Truly Devious by Maureen Johnson
Ellingham Academy is full of riddles, twisting pathways, and winding gardens. Shortly after it is opened by Albert Ellingham in 1936, Albert's wife and daughter are kidnapped. The only clue is a riddle describing various methods of murder and signed, "Truly, Devious." Years later, true-crime buff Stevie Bell enters Ellingham Academy with a goal to solve the cold case. Then Truly Devious makes a surprising return, and another death rocks Ellingham Academy.

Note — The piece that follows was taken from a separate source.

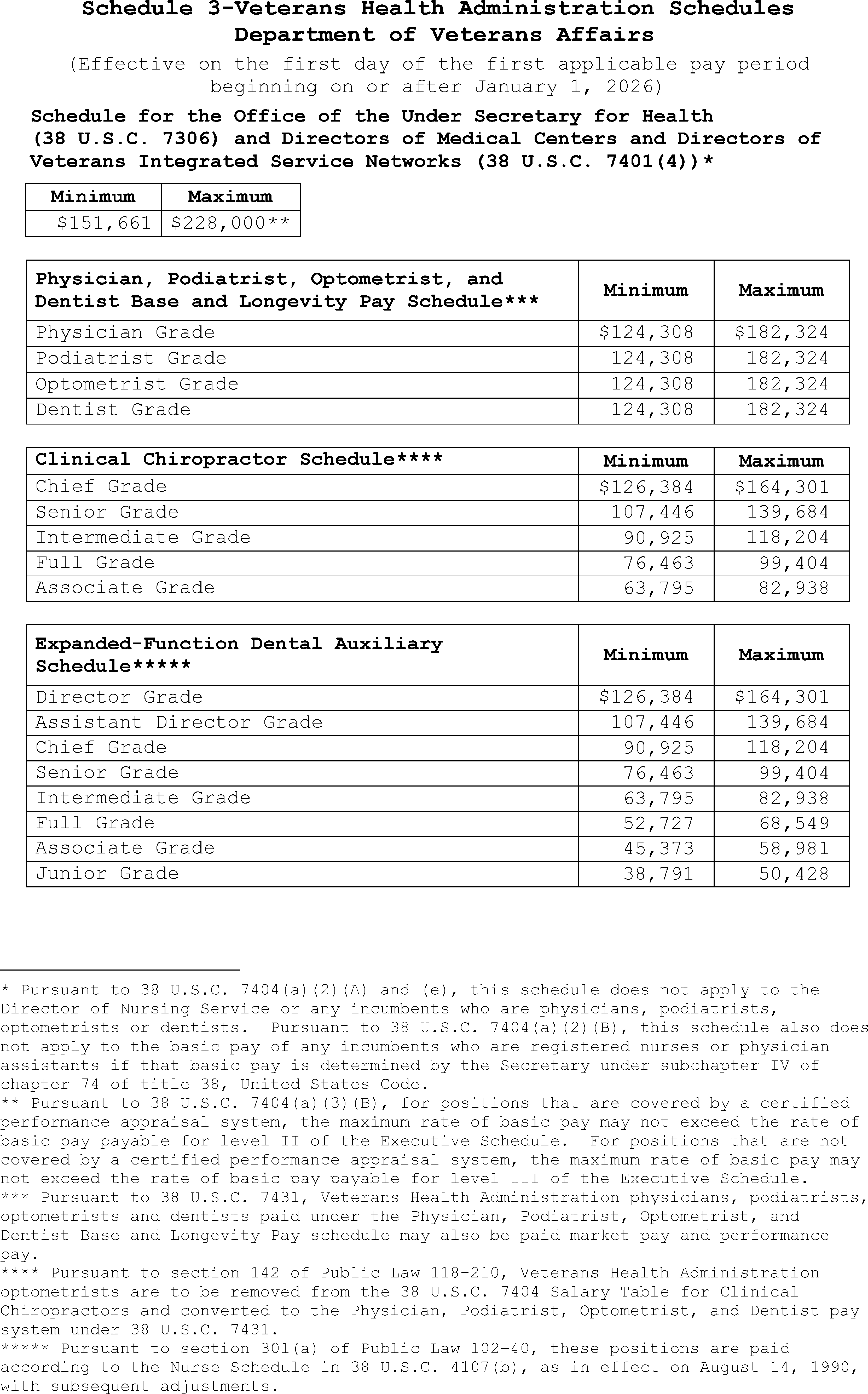 (c) The schedules for the Veterans Health Administration of the Department of Veterans Affairs (38 U.S.C. 7306, 7401, 7404; section 301(a) of Public Law 102-40) at Schedule 3.

Review from School Library Journal:
Stevie Bell is a dyed-in-the-wool true-crime buff. And what better place to deepen her understanding than at Ellingham Academy, the Vermont private school founded in the 1930s by wealthy eccentric Albert Ellingham? Partly because the custom courses of study are tailored to students' passion—writing, engineering, film, math—but also because the school was the scene of a notorious crime not long after it opened: Albert Ellingham's wife and daughter were kidnapped, ostensibly for ransom, and a student was killed. His wife's body was found eventually, but his daughter, Alice, never was. Stevie plans to solve the case. But when a classmate is killed, everything changes. There is a lot to love here. Stevie is a smart, relatable, self-aware protagonist. The cast is racially diverse and includes teens on various parts of the gender, sexuality, and neurotypical spectrums. The setting is fully realized, and the adults are as well characterized as the students. Johnson excellently sets up both mysteries as well as Ellingham's love of puzzles, riddles, and secret passageways, but very little is resolved at the end of this series launch.